32nd Anniversary of Royal Commission on
Electoral Reform and Party Financing

Significance of CPC(M-L)'s Brief to Lortie Commission

Following the 1988 federal election and the circumstances surrounding it, the Royal Commission on Electoral Reform and Party Financing (the Lortie Commission) was created on November 15, 1989. The period during which the Lortie Commission carried out its work coincided with that of upheaval in the former Soviet Union and countries in eastern Europe which subsequently led to their collapse.

The introduction to the Lortie Commission's report, titled Reforming Electoral Democracy, pointed to this:

"The people of Canada were not unaffected by these historic developments in freedom and democratic government. Canadians looked with new appreciation on their democratic society and its political and economic rights and its freedoms. But even as they did so, many Canadians made it clear at the Commission's public hearings that in evaluating the processes of our electoral democracy they have found it lacking in several crucial respects. These Canadians are demanding that electoral reform not merely tinker with the electoral law; they are demanding that electoral reform focus on the broader and central purposes of electoral democracy."[1]

The Lortie Commission was also established in response to challenges brought to the electoral law under the Canadian Charter of Rights and Freedoms.
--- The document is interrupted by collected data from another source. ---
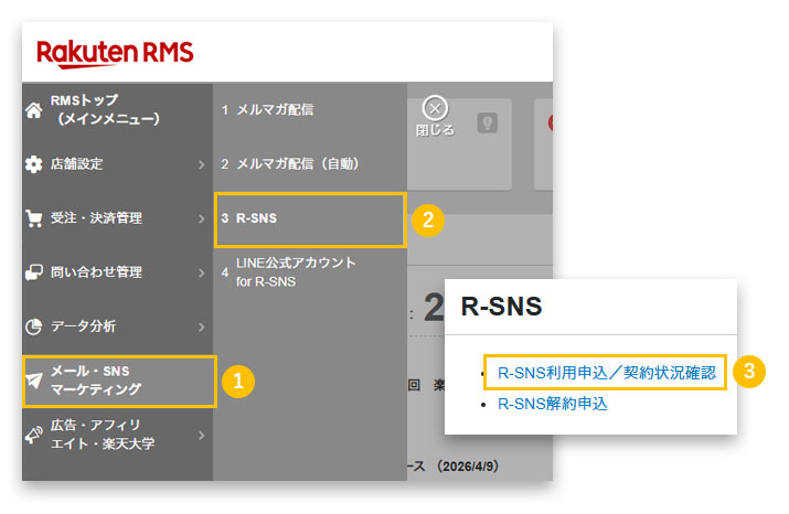 - 1RMSトップから「メール・SNS マーケティング」をクリック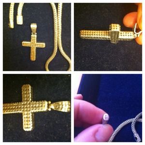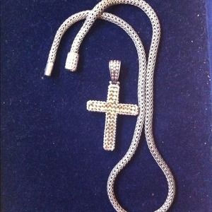 Authentic John Hardy woven chain measuring 16" and 5mm in width with a reversible cross pendant from the dot collection. Sterling silver Cross reverses to feature one side of gold dots. The cross pendant is substantial in size. Purchased at Neiman Marcus in Palo Alto. The chain currently retails for $675 pretax and the cross for $895 pretax. No trades ๐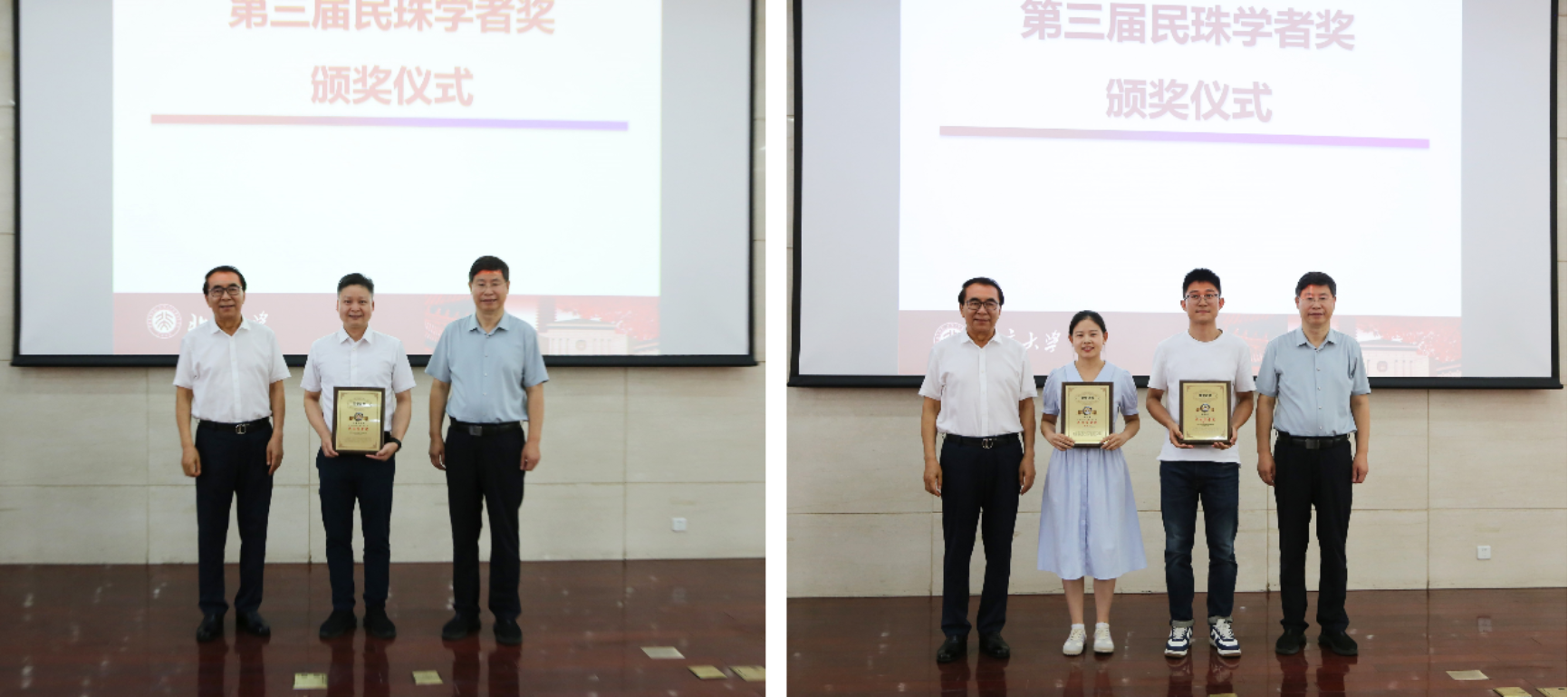 北京大学化学学院阎云老师主持了“民珠学者奖”颁奖仪式。仪式开始,刘忠范院士致辞,回顾了“民珠学者奖”的设立背景。“民珠学者奖”由刘忠范院士和谢晓亮院士倡议,以蔡生民先生及其夫人沈莲珠女士的名字联名,在蔡先生亲属、弟子、北京大学物理化学后学、以及感沐蔡先生铺路之恩的北京大学纳米化学人、北京石墨烯研究院人的大力支持下设立,旨在致敬蔡生民先生为中国和北京大学物理化学学科发展做出的卓越贡献,激励年轻一代肩负起历史使命,创造北京大学物理化学新的辉煌。继2022年7月26日首届民珠学者奖颁奖典礼成功举办以来,民珠学者奖已经走过三个年头。今年,第三届民珠学者奖评选出优秀教师奖获得者彭海琳教授、优秀研究生奖获得者赵凯悦、赵一萱两位同学。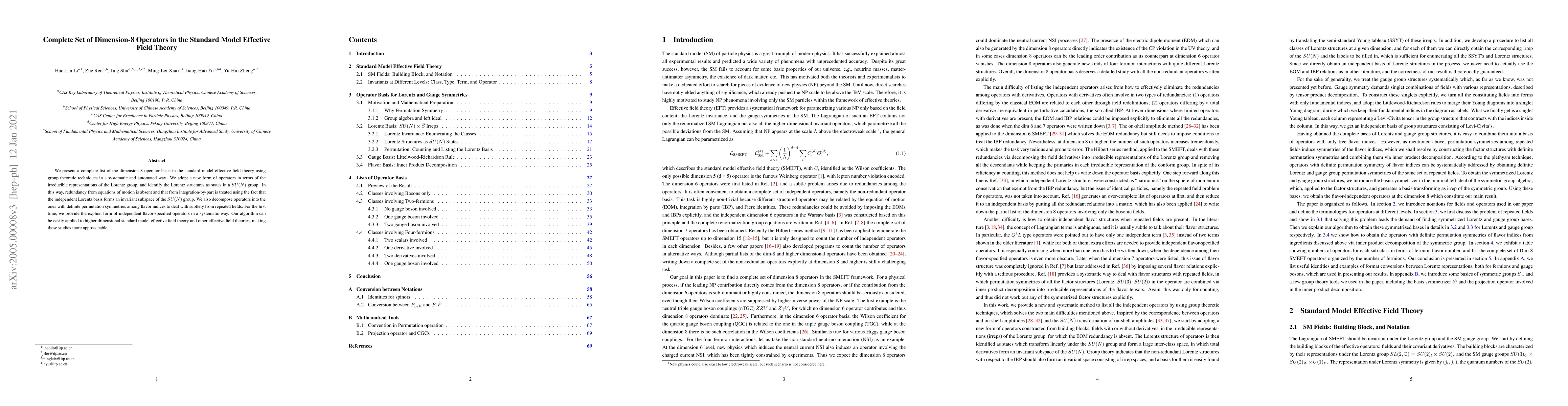 This paper systematically presents a complete set of dimension-8 operators in the Standard Model Effective Field Theory (SMEFT) using group theory. The authors utilize irreducible representations of the Lorentz group and $SU(N)$ symmetry to eliminate redundancy and explicitly provide independent flavor-specified operators, facilitating broader applications to higher-dimensional SMEFT and other effective field theories.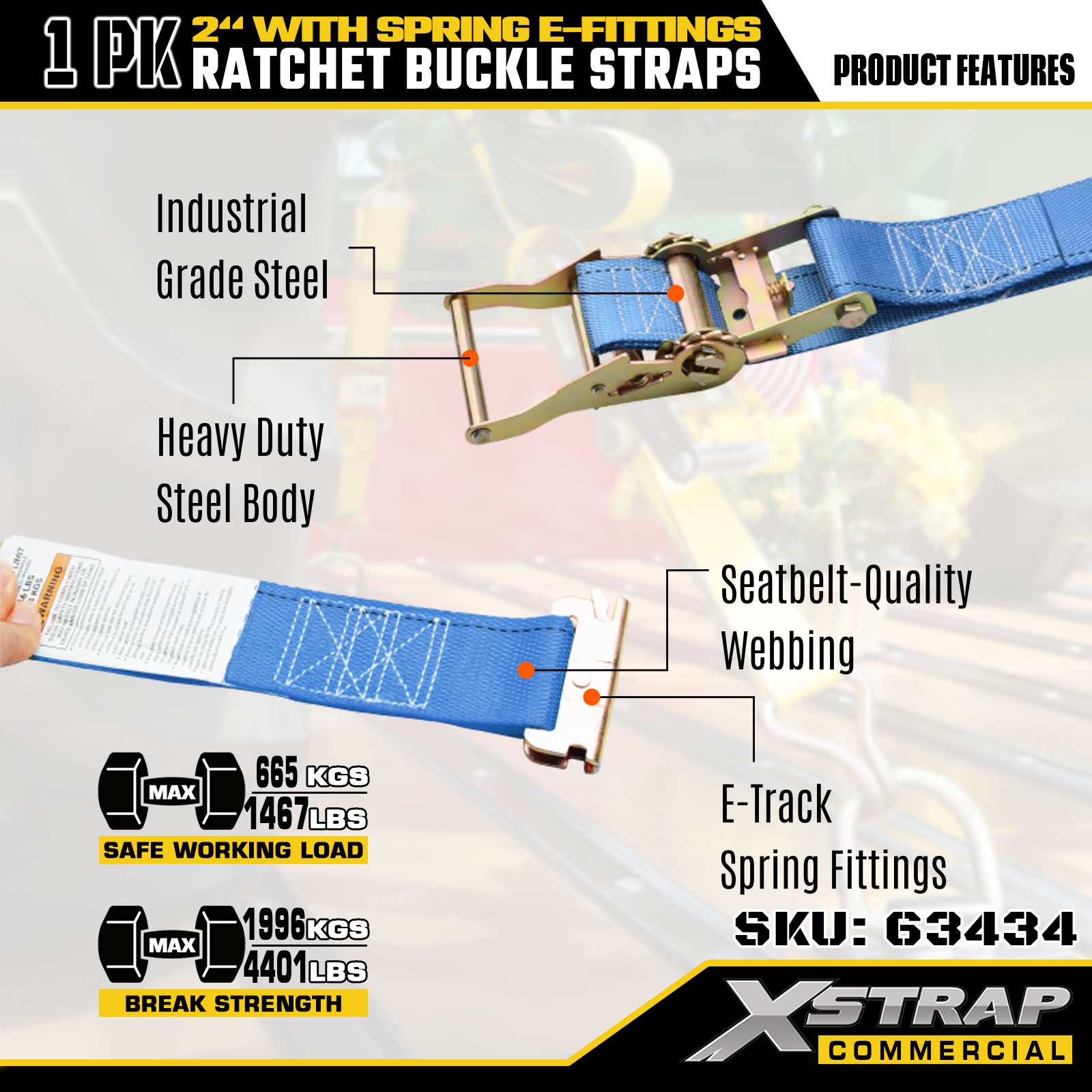 Xstrap 1 paquet de sangles d'arrimage à cliquet, sangles de sécurité en polyester de 2" x 20', charge de travail sûre de 1467 lb et résistance à la rupture de 4401 lb, avec raccords E à ressort pour camion, tondeuse, VTT

The introduction to the Lortie Commission's report explained:

"This new focus on the ethical dimensions of political culture and practice has a particular salience in the Canadian context. The Charter gave rise to new expectations about the legitimate claims of citizens. It also transformed the basic structures of governance. Citizens no longer have to rely on parliamentarians or political parties to have their claims included on the decision-making agenda. Citizens can now pursue their constitutional claims through the courts.

"These changes are not merely hypothetical. On several critical issues related to electoral democracy, Charter challenges have resulted in court decisions that have altered the basic electoral law. Citizens have also used the ethical principles implied by the Charter to evaluate many election-related practices, especially by political parties, and they have found these practices wanting. As these evaluations make clear, practical reforms must proceed from ethical principles; ethics is not merely a concern of democratic theory."[2]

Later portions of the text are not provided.